Davide Valentinis, Jörg Schmalian, Subir Sachdev, Aavishkar A. Patel

TL;DR

The paper addresses magnetotransport in strange metals by embedding a spatially disordered Yukawa-SYK sector on a square lattice and solving the saddle-point equations to linear order in magnetic field. It combines exact imaginary-axis solutions, analytic continuation to real frequencies, and a Kubo-based calculation of $\sigma_{xx}^{(0)}$ and $\sigma_{xy}^{(1)}$ at fixed carrier density, revealing a superlinear $|\cot[\Theta_H(T)]| \propto T^{\alpha}$ with $\alpha$ up to about 1.45 in the crossover regime alongside $T$-linear resistivity. The lattice embedding uniquely drives a decrease in $R_H(T)$ and decouples longitudinal and Hall dynamics, yielding a robust mechanism for enhanced Hall-angle nonlinearity near quantum criticality. This controlled framework connects non-Fermi-liquid behavior to lattice effects and offers qualitative alignment with experimental trends in strange metals, while highlighting avenues for quantitative refinement and extensions to other lattice settings.

Abstract

Exact numerical results for the DC magnetoconductivity tensor of the two-dimensional spatially disordered Yukawa-Sachdev-Ye-Kitaev (2D-YSYK) model on a square lattice, at first order in applied perpendicular magnetic field, are obtained from the self-consistent disorder-averaged solution of the 2D-YSYK saddle-point equations.

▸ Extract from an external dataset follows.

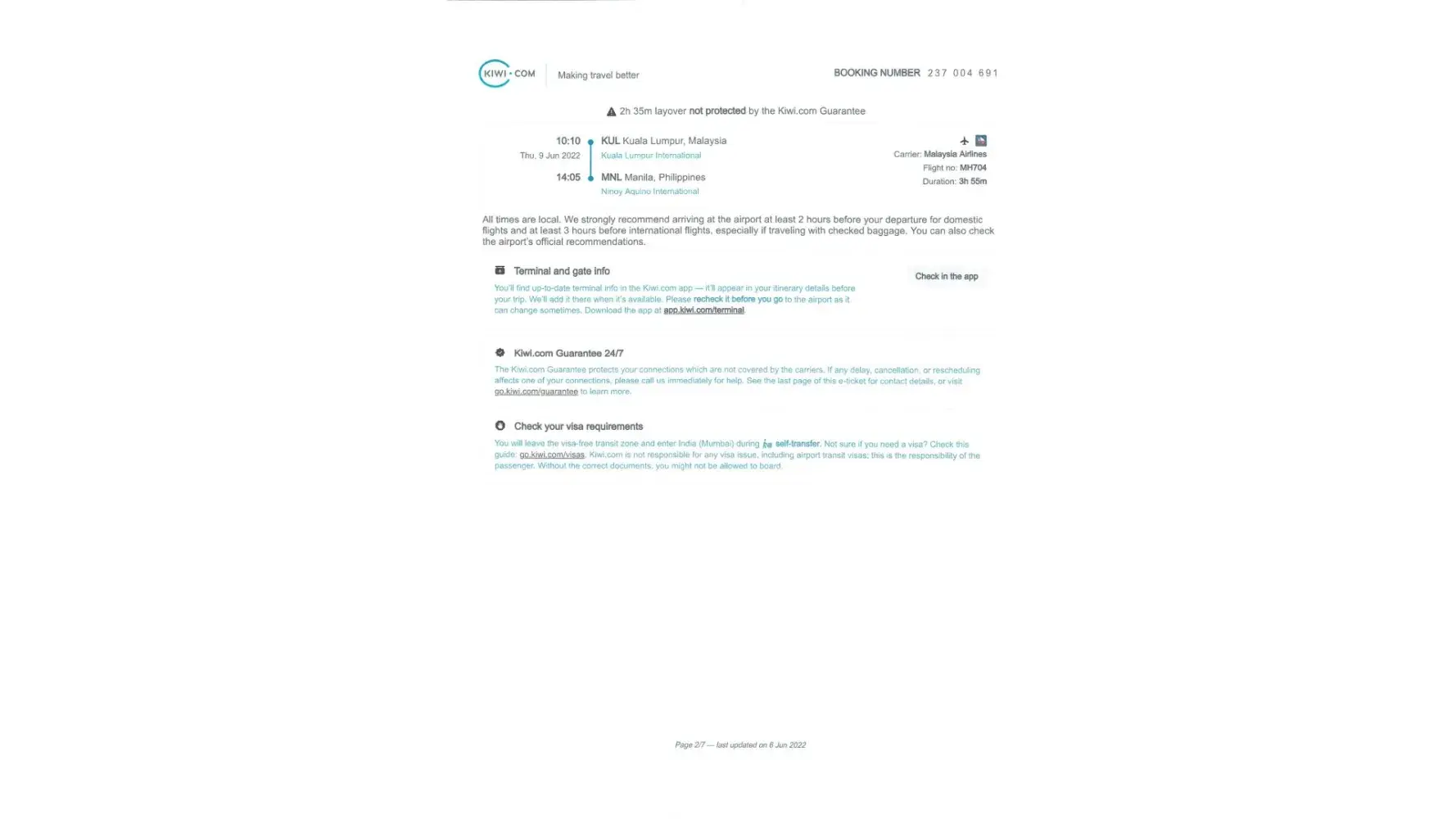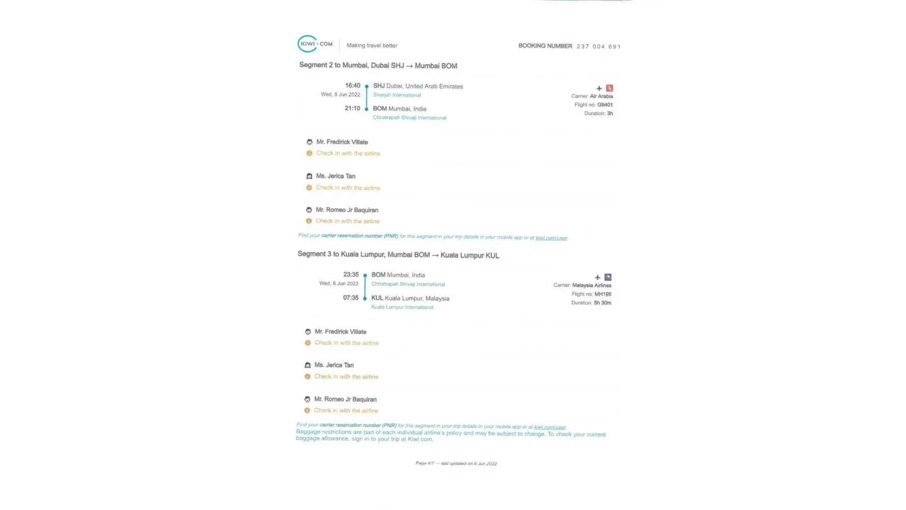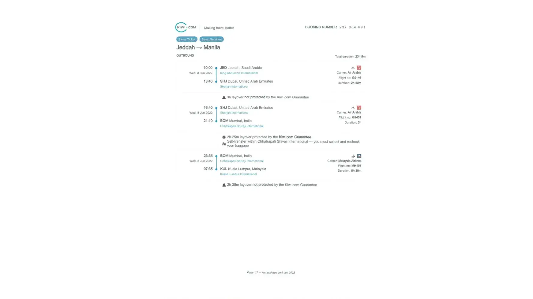 1. We purchased tickets via KIWI.COM but we were not informed that a transit visa is needed in Saudi for layover that is more than 12 hrs. As a result, we were unable to use the tickets. So what we did was, we immediately contacted Kiwi to request for a change of itinerary (Kiwi email file). Accdg to their rule, changing is allowed as long as reported within 24 hrs. After that, we did not hear anymore from Kiwi despite several follow-ups. We ended purchasing tickets from another airline. We were not able to use the flight tickets purchased from Kiwi.com. This is supported by the passenger manifest of Air Arabia & Malaysian Airlines.

This system describes fermions endowed with a Fermi surface and coupled to a bosonic scalar field through spatially random Yukawa interactions. The resulting local and energy-dependent fermionic self-energies are employed in the Kubo formalism to calculate the longitudinal and Hall conductivities, the Hall coefficient, the carrier mobility, and the cotangent of the Hall angle, at fixed fermion density. From the interplay between YSYK interactions and square-lattice embedding, and the non-Boltzmann frequency-dependent self energies, we find nontrivial evolution of the magnetotransport coefficients as a function of temperature and YSYK interaction strength, notably a superlinear evolution of the Hall-angle cotangent and the inverse carrier mobility with temperature, concomitant with linear-in-temperature resistivity, in an extended crossover regime above the low-temperature Marginal Fermi Liquid (MFL) ground state. Our model and results provide a controlled theoretical framework to interpret linear magnetotransport experiments in strange-metal phases found in strongly correlated solid-state electron systems.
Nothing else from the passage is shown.